The departure of João Castel-Branco, the museum’s former director, which was in charge of that role since 1988, and the year of commemoration of the institution’s 60th anniversary, feed the idea to join the centers of ancient and modern art in a single body, being ruled by the same person. The British art historian, Penelope Curtis, accountable for Tate Britain from 2010 to June 2015, was chosen from an international contest to carry out this merge, assuming the lead of both nucleuses, the first sign of a major transformation that will gradually take place.

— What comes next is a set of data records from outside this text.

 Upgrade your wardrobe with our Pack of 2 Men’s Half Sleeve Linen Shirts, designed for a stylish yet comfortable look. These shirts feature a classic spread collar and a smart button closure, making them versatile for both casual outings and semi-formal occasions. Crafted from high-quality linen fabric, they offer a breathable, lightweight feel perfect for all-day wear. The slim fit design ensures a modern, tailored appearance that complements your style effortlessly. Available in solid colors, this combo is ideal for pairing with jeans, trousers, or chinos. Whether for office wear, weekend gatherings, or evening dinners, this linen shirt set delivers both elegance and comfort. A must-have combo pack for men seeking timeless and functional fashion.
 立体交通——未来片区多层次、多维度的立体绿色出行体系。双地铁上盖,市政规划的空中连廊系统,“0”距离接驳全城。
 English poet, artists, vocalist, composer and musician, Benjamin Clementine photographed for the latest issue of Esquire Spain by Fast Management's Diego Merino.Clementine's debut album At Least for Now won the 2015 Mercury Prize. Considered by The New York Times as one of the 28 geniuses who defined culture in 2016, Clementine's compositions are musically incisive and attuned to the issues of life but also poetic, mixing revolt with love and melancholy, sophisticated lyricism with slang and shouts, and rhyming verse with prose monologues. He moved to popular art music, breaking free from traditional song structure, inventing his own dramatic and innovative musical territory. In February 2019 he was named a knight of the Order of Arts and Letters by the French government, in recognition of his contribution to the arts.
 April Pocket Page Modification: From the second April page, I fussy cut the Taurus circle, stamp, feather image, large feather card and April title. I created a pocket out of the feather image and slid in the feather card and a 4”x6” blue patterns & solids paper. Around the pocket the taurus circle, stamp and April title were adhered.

“It’s a major decision and it will take time for people to get used to it”, stated P. Curtis. The former Museum and the CAM both assumed a single designation, with their statuses being unified – Museu Calouste Gulbenkian. The difference will rely on their collections: the nucleuses of the Founder’s Collection and of the Modern Art will keep their acquis and nurture a more open dialogue, thus creating a synergy between the two. “Turning these two museums into just one poses a challenge”. Regarding this, I think there’s a misconception, because CAM was built thirty years ago, it was never a museum in itself, and it was not conceived to fill such a role. “I want to keep everything that is good in the museum and, at the same time, work to fulfill its potential, particularly when it comes to CAM”. The intention is to bring both collections, of ancient and modern arts, together, under a single banner. A fundamental change in the organization that constitutes the institution’s acquis.

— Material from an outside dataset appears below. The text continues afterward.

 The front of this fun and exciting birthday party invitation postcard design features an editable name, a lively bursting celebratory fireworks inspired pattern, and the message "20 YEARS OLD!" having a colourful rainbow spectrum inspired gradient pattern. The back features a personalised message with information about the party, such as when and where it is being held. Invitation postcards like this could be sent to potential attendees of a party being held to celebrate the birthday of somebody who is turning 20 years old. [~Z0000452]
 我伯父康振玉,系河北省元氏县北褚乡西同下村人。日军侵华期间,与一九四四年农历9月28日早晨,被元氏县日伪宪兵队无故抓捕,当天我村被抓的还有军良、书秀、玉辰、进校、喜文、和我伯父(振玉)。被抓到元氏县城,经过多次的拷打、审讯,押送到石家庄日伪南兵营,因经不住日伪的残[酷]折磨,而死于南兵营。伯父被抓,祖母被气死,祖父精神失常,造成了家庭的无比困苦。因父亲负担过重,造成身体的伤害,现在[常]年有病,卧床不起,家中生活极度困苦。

Albeit their transformation, the museum’s distinct nucleuses “will keep their identity, in what concerns the museum’s collections and activities”, and will not lose “their facets”. Nonetheless, CAM’s extinction is not something naive, as this is an authentic revolution within Gulbenkian.
Two Collections talking to each other
The exhibiting pattern aims to promote collective showcases, abiding by a theme, intersecting the old and the modern/contemporary universes, instead of being centered in a single artist, striving to refresh the collections. “I want to present the collection under a more aesthetic perspective, thus allowing the art to speak for itself”. Within this exhibiting context, these showcases bring to light brand new ideas and different ways of looking at art. Regarding the audience turnout, a slight unbalance between both nucleuses should continue to exist; unless the existence of a contemporary field happens to be misrepresented in a specific area, which always has its toll on its usufruct. “My wish it to bring the old and the new together, under a more comprehensive perspective. To transform something is to keep the dialogue between tradition and innovation”. In a context of reorganization, the CAM, given its major significance, will have a wider visibility, being granted with a permanent exhibition. Asked about the end of the name CAM, the responsible mentioned that “those from outside will have an easier adaptation, which will not be the case with the internal teams, so used to go by that name”.

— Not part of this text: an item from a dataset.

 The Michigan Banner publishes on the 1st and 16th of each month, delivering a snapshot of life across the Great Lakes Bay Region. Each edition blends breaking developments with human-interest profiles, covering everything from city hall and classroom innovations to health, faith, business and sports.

Certainly, the CAM will last in memory for many years to come, having persisted to this day and having withstood itself for more than thirty years. In the field of the history of visual arts, the historical periods of both collections will hardly be compatible. Particularly, when taking into account, based on Duchamp’s conceptual discourse, the unique path that the contemporary art has taken, creating pieces where situations and environments become challenging and troublesome, detaching themselves from the old discourse. These depict distinct universes, with dissimilar aesthetic values, sometimes even fracturing in particular moments, where the exercise of watching and looking can hardly remain in one piece and coexist in the very same space. Since the end of the 20th century and beginning of the 21st century, the relationship with the image itself is difficult to interact with, in the scope of perceptibility. Both collections actually have two separate worlds, and they should coexist amicably while occupying difference spaces, as both nucleuses can be in harm’s way in the process. If the world had to be created scratch again, perhaps Curtis would have an easier task, taking into account that she hold experiences when it comes to establishing museums, in an initial stage. “I always enjoyed and had the luck to be part of the projects’ initial stage”.